Data excerpts →
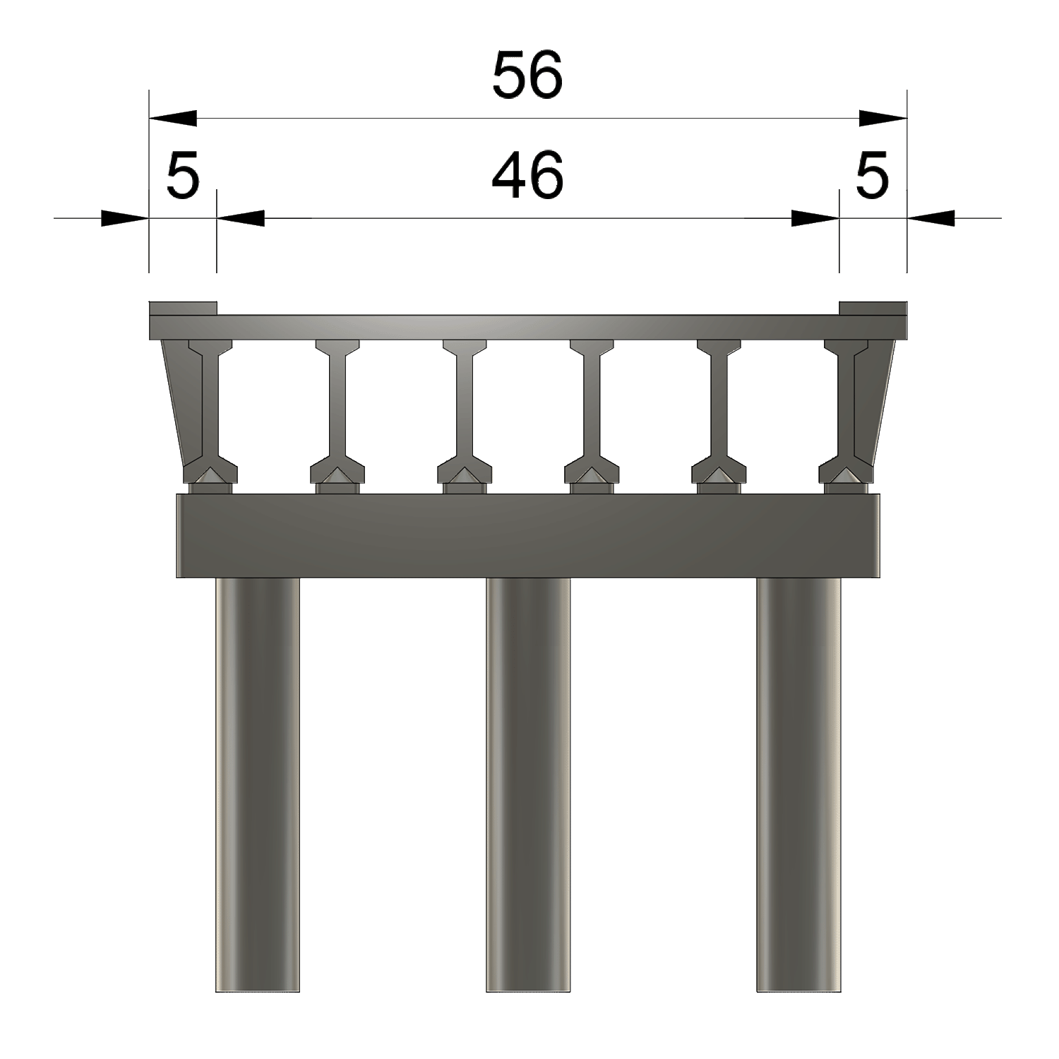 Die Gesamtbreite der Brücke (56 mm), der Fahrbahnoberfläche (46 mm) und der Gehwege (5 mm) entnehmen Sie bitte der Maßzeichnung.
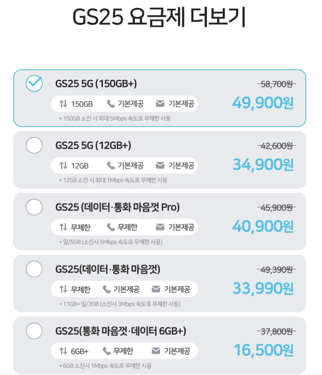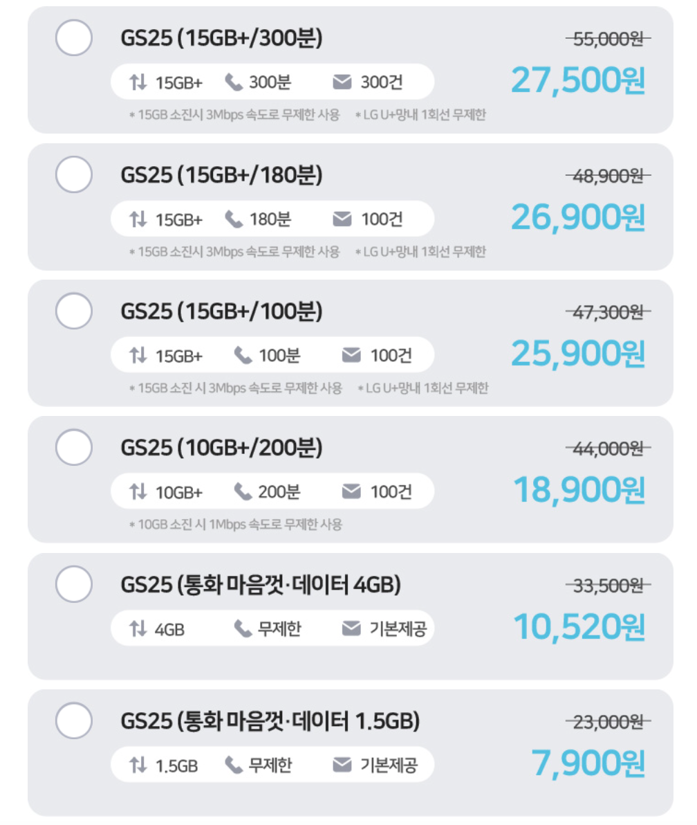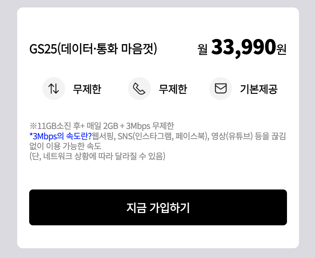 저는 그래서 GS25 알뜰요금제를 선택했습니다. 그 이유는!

==

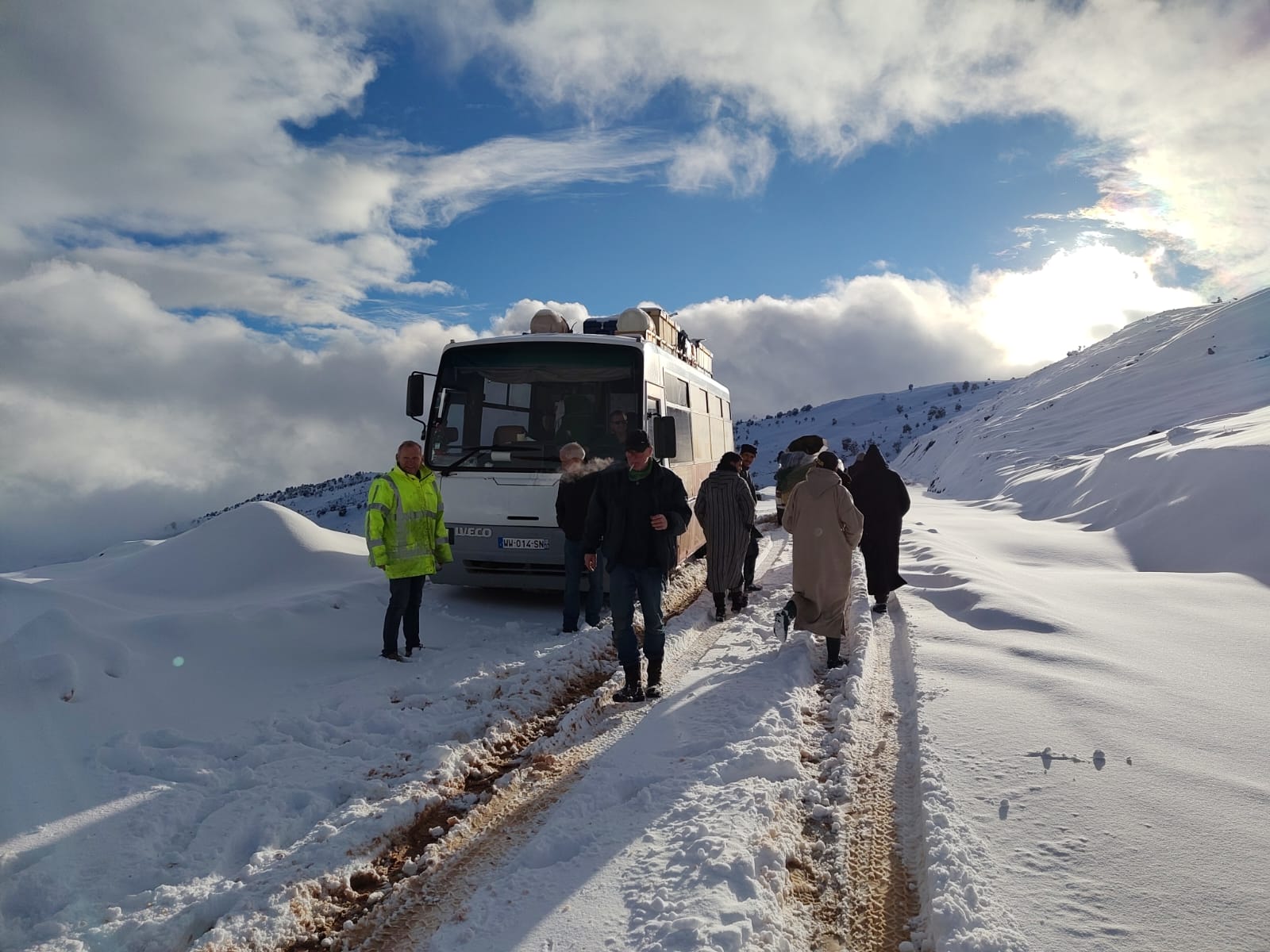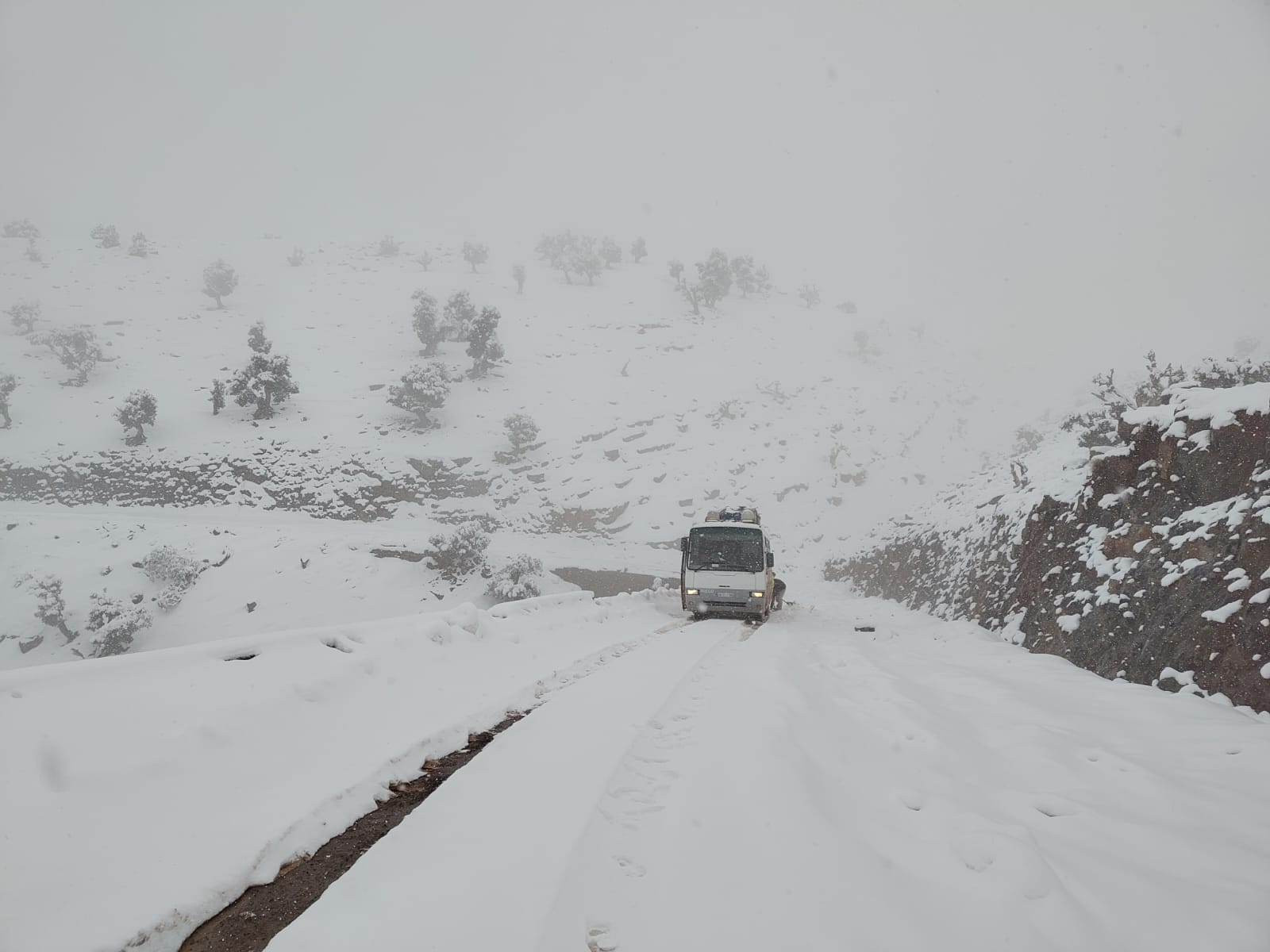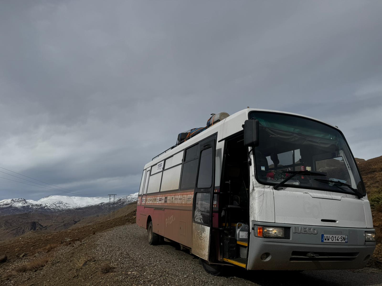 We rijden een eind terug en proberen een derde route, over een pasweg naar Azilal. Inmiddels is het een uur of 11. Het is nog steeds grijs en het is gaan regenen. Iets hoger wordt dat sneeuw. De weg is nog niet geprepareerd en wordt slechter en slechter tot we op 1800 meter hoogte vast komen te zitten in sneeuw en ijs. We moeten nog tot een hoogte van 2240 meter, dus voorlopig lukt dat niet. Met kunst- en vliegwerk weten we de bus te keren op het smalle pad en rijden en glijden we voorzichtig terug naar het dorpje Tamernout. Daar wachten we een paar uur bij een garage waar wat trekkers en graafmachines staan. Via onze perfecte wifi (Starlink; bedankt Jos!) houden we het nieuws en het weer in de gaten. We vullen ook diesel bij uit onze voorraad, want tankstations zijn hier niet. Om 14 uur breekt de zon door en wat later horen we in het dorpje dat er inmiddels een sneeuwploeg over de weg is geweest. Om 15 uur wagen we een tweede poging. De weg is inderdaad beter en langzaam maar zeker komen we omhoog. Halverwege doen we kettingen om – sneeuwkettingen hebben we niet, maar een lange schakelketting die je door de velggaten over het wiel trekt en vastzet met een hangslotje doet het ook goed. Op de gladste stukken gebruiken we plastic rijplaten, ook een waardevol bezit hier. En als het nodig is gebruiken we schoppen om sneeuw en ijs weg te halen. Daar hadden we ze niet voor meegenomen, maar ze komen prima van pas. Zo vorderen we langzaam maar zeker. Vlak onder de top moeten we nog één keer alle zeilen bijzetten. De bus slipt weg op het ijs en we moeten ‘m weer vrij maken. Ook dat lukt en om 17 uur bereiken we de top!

Exercise directions →
Within the data above, repeat exactly the lines from the one bearing "Die Gesamtbreite der" through the one bearing "저는 그래서 GS25 알뜰요금제를 선택했습니다. 그 이유는!". Include no pictures and nothing else.

Written response →
 Die Gesamtbreite der Brücke (56 mm), der Fahrbahnoberfläche (46 mm) und der Gehwege (5 mm) entnehmen Sie bitte der Maßzeichnung.
 저는 그래서 GS25 알뜰요금제를 선택했습니다. 그 이유는!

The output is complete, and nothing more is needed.